I absolutely loved to swing when I was a little girl! No matter where we lived we always had a swing in our yard. One of my favorites was an old stool top that my Dad drilled a hole through the center, and suspended from an old mesquite tree. That was a great swing, because I could swing and spin! I still have a small scar on the inside of my thigh from where I spun that rope so tight before letting go that it pinched my skin. I have spent countless hours of my childhood swinging..... pumping my legs and throwing my head back feeling the wind on my face and blow through my hair. That point of letting go and arcing through the air is so exhilarating. I think it is very interesting that as a child much of my favorite playtime was spent in various forms of letting go....running through the sprinkler, riding my bike up a hill and coasting down with my legs out, and rolling down our back yard hill, but as a grown up letting go is one of the most difficult things I face.

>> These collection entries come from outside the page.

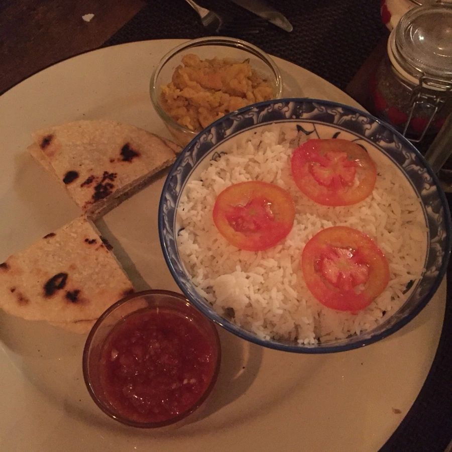 미리사에서 저녁을 먹으려고 하다가 괜찮은 식당을 찾지 못해서 웰리가마에 있는 곳에 갔다. 이 곳도 자연의 오두막을 닮은 식당이었다. 특이한 점은 맨발로 2층에 올라가야 식사하는 공간이 나온다는 점이었다. 여기서는 새로운 메뉴에 도전해보고 싶어서 ‘실론 핫 볼’이라는 걸 시켜봤다. 이 곳도 느림의 미학이 있는 곳인 듯 매우 느리게 나왔다. 이 곳의 음료는 큰 유리 보틀에 담겨서 나왔는데 과일주스가 굉장히 맛있었다. 실론 핫볼은 토마토가 얹어진 흰 쌀밥과 후무스 같은 질감의 달 커리, 칠리 토마토 소스 같은 거, 그리고 두꺼운 난 같은 것으로 구성되어 있었다. 굉장히 건강한 맛이었다.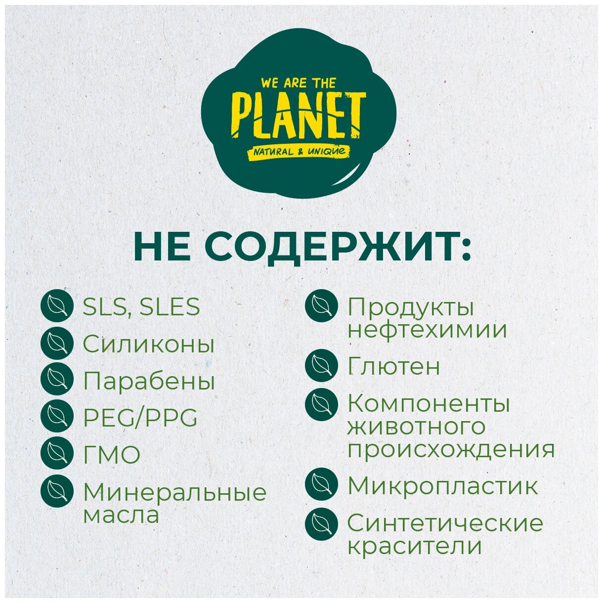 | Особенности | Не содержит SLS, SLES, парабенов, компонентов животного происхождения, микропластика, минеральных масел, фталатов, продуктов нефтехимии, глютена, PEG/PPG, GMO и синтетических красителей. |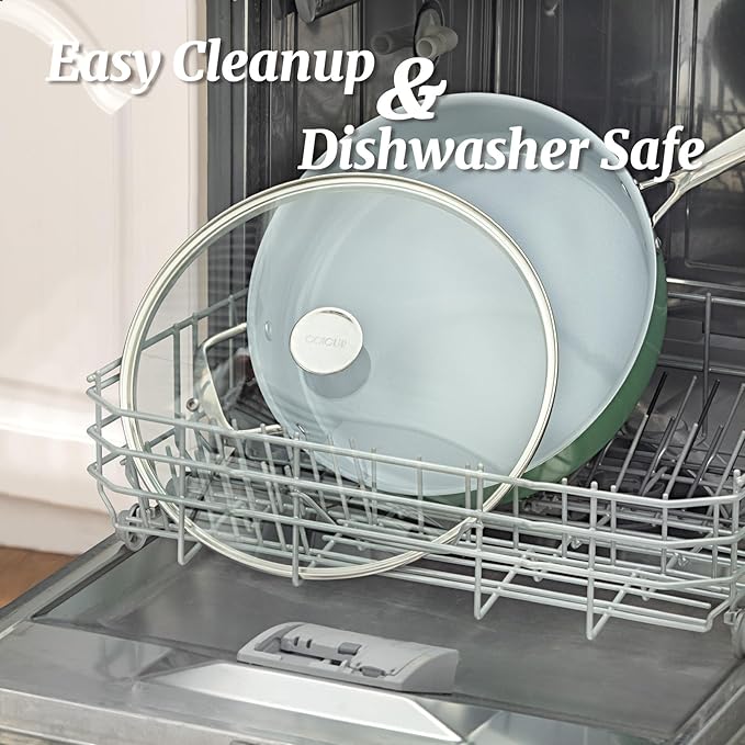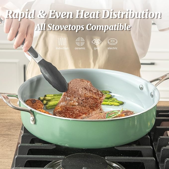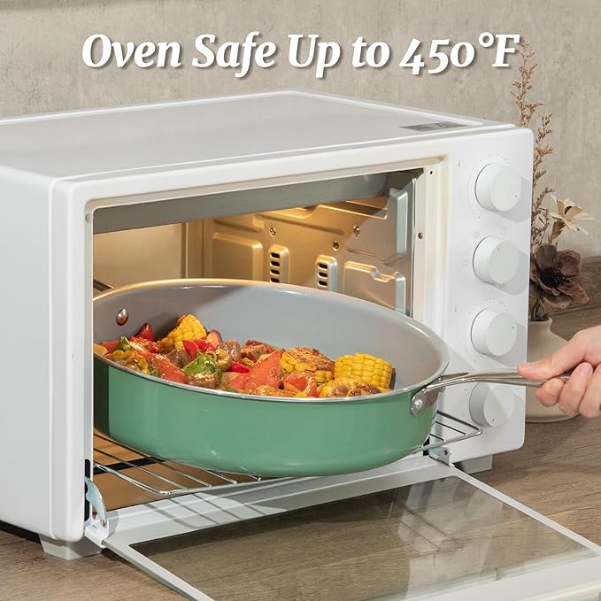 - Effortless Cleanup & Dishwasher Safe- With the complete ultra nonstick ceramic coating, cleaning up our large skillet is like a breeze by simply wiping the saute pan with a sponge and warm soapy water, or toss it in the dishwasher for even more effortless cleanup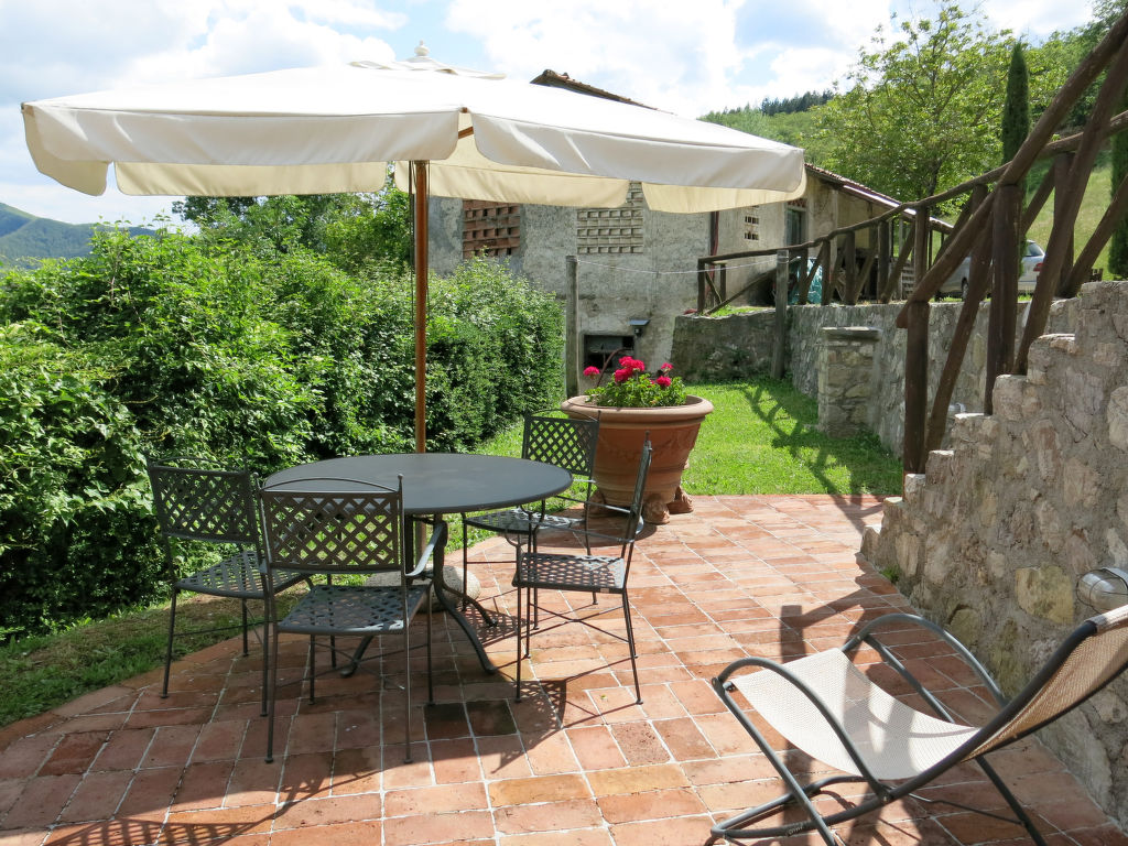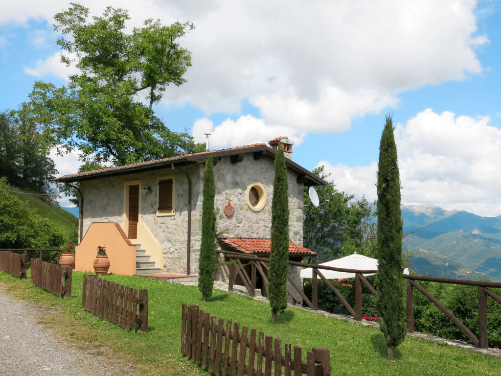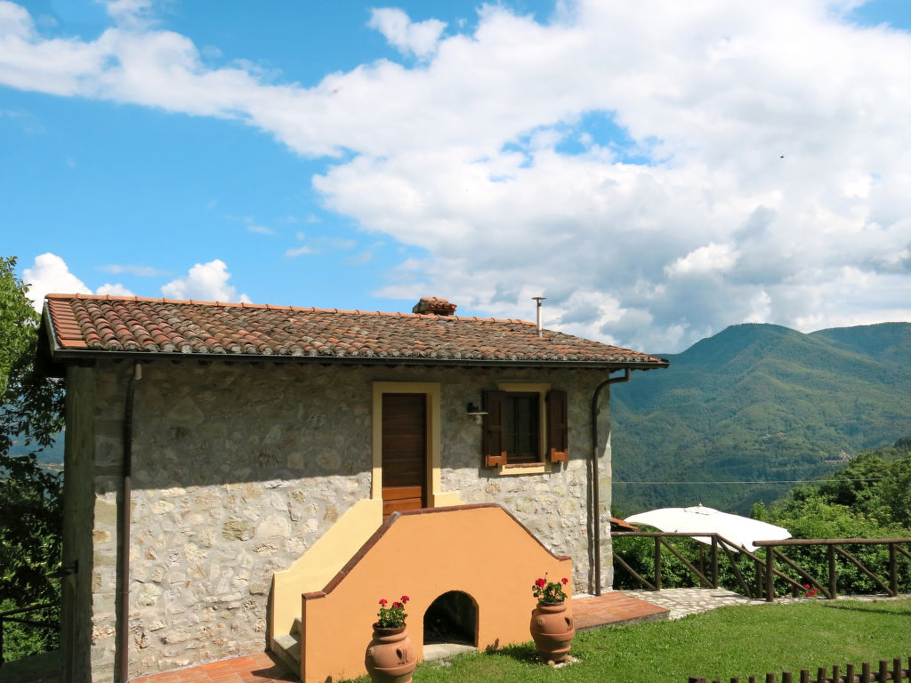 "Il Metato (CNG193)", 3-Zimmer-Haus 48 m2 auf 2 Stockwerken. Renoviert, schön und rustikal eingerichtet: Wohnküche (Backofen, Geschirrspüler, Gasherd, 4 Flammen, Mikrowelle, elektrische Kaffeemaschine) mit offenem Kamin und Sat-TV. Ausgang zur Terrasse. Dusche/WC. G-Heizung. Obergeschoss: 1 Zimmer mit 1 Doppelbett. (Aussentreppe) 1 Zimmer mit 1 franz. Bett. Dusche/WC. G-Heizung. Terrasse. Terrassenmöbel, Gartengrill. Herrliche Panoramasicht auf die Berge, das Tal und die Garfagnana. Zur Verfügung: Kinderhochstuhl, Babybett. Internet (Wireless LAN, gratis). Parkplatz (2 Autos). Bitte beachten: Nichtraucher-Unterkunft. 1 Haustier/Hund erlaubt.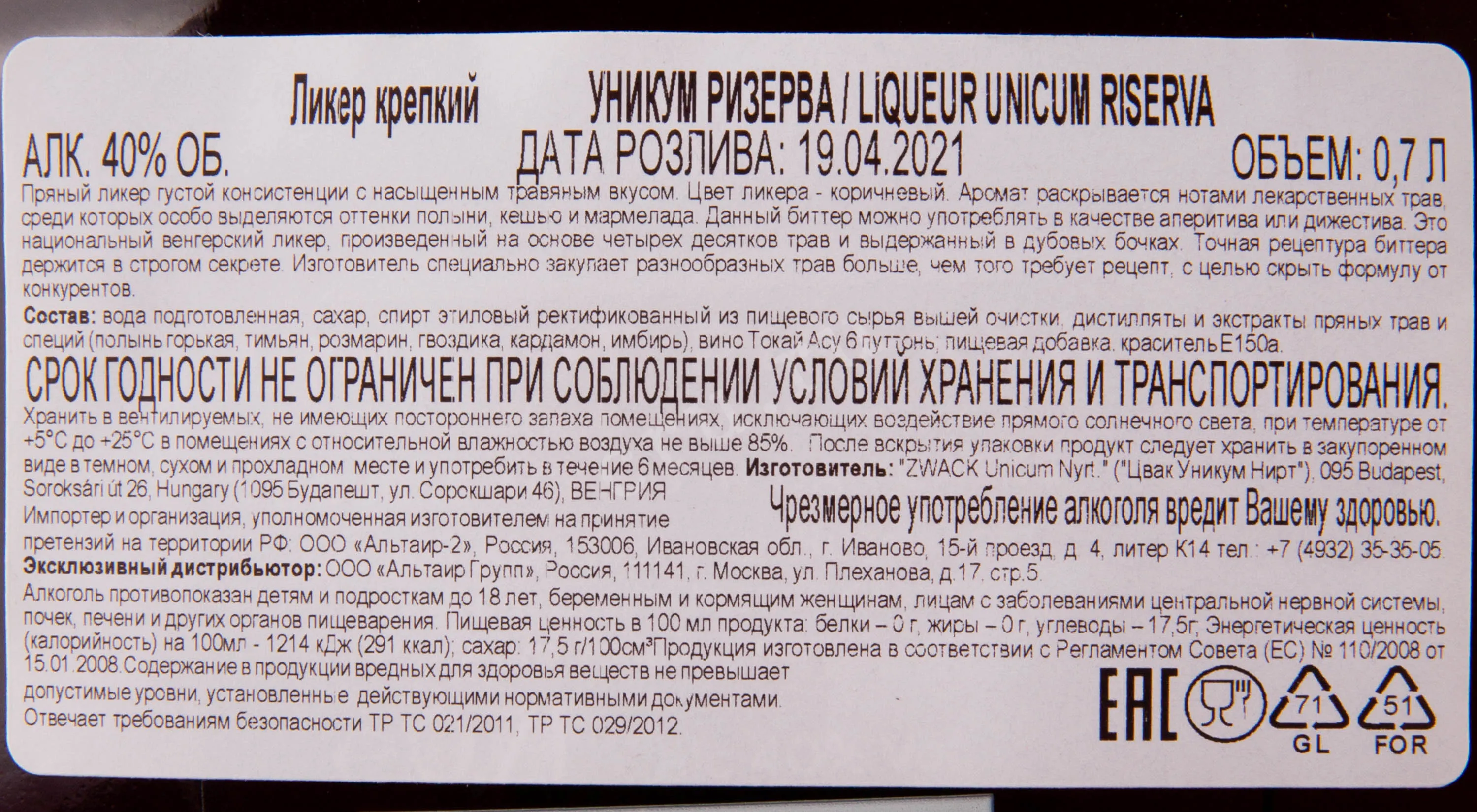 Ликер Unicum Riserva with gift box 0.7 l – это венгерский алкоголь десертной категории, созданный из дистиллятов 40 трав и специй. Сначала 40-процентный напиток выдерживается в старой дубовой бочке, затем его переливают в сосуд из-под сладкого токайского вина, а на последнем этапе это же вино винтажа 2007 года смешивается с ликером. Пряный алкоголь представлен в стильном подарочном боксе.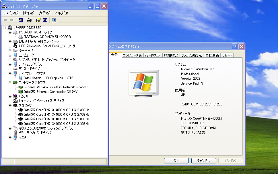 Windows XP Pro SP3 搭載 東芝 Satellite B554/L PB554LFB4R7JA71 Core i3-4000M,メモリ4GB,新品SSD256GB,マルチ,USB3.0,HDMI,office2007 [浏览原始页面]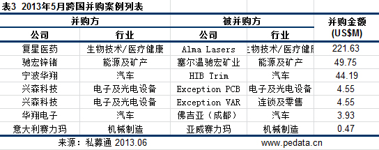 根据私募通统计,2013年5月共完成7起跨国并购,其中海外并购6起,外资并购1起。5月跨国并购共有7起案例披露金额,披露总金额为3.29亿美元。其中,披露交易金额^大的是复星医药收购Alma Lasers。Alma Lasers Ltd.成立于1999 年,是一家总部位于以色列的医疗美容器械生产企业,中国为其^大市场之一。此次交易完成后,复星医药将把Alma Lasers建设成高端医疗器械的研发、制造管理平台,深入探索复星医药的国际化发展路径。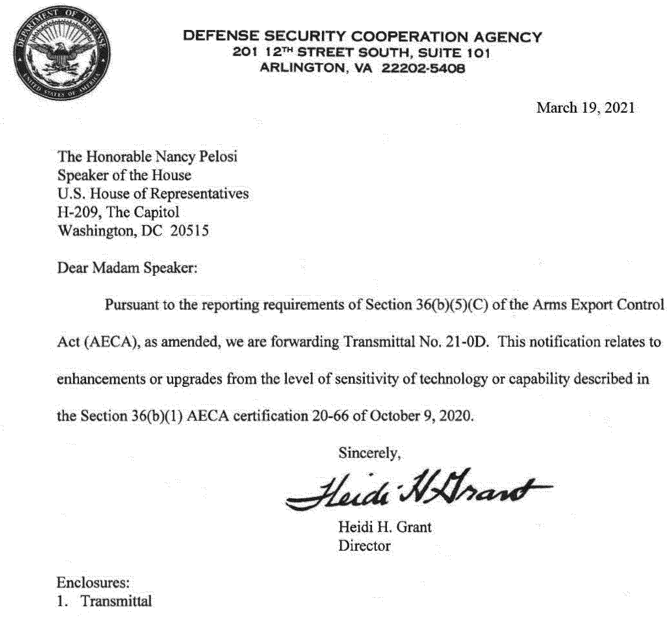 Transmittal No. 21-0D

On September 2, I traveled to San Marcos to speak to the San Marcos MOPS group about my journey through motherhood as expressed in my book, The Butterfly Knight. On my hour trip I thought about what I was going to say...how I would convey the idea that we are all born perfectly and that as mother's we need to let go of our children lovingly and trust the voice of God to guide them on the path He has chosen for them. This idea of letting go of my son's journey does not leave me feeling exhilarated like that swing did from my youth. When I pulled up into the parking lot at the First Baptist Church in San Marcos where I was speaking and parked my car, looking out my window, this is what I saw a few feet away....
This swing whispered to me to come and play. The grown up in me knew I had to unpack my car and get inside and prepare for my presentation....but that swing would not let me go! I got out of my car and climbed on and I swung! Now it wasn't the full tilt swinging of my childhood with my head thrown back, but I did let go for a few minutes and swing! It was a conscious choice to seek joy in the face of fear. I know that swing helped me prepare for my presentation. And that swing inspired my new art I finished today....
Let go and discover the joy that is waiting for you!!